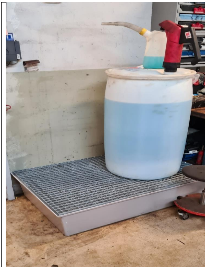
Opbevaring af flydende råvarer, indsendt den 1. december 2020
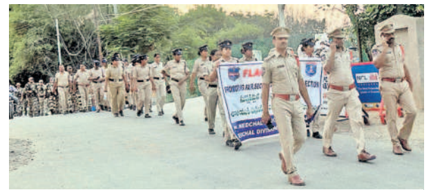
మేడ్చల్లో కవారు నిర్వహిస్తున్న పోలీసులు
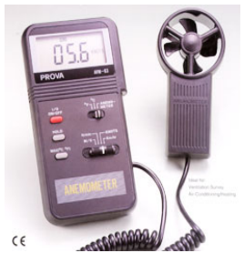
型號：AVM-03 品名：風速風溫計 範圍：風速 0.3-45 M/S 範圍：風溫 0-60°C
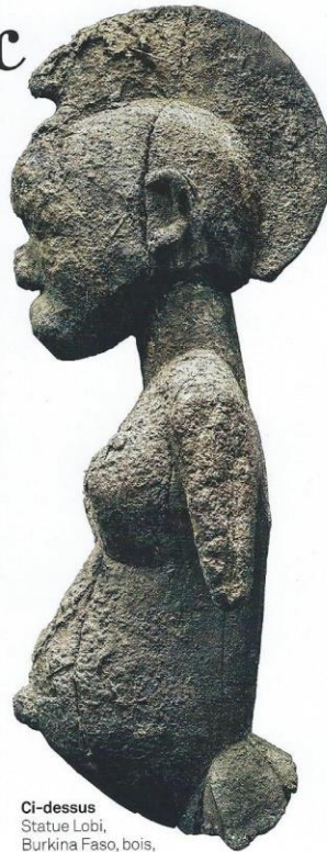
Ci-dessus Statue Lobi, Burkina Faso, bois, patine, H. 56 cm COLL. PRIVÉE.
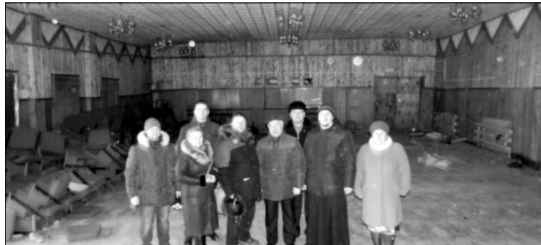
Здесь быть храму! Представители районной власти, церкви и районных служб посетили здание бывшего клуба, чтобы увидеть объем предстоящих работ.
· · · ·
→ TASK REQUIREMENTS
Without any pictures, return the entries exactly as given.

→ SOLUTION FOR THIS PROBLEM
Opbevaring af flydende råvarer, indsendt den 1. december 2020
మేడ్చల్లో కవారు నిర్వహిస్తున్న పోలీసులు
型號：AVM-03 品名：風速風溫計 範圍：風速 0.3-45 M/S 範圍：風溫 0-60°C
Ci-dessus Statue Lobi, Burkina Faso, bois, patine, H. 56 cm COLL. PRIVÉE.
Здесь быть храму! Представители районной власти, церкви и районных служб посетили здание бывшего клуба, чтобы увидеть объем предстоящих работ.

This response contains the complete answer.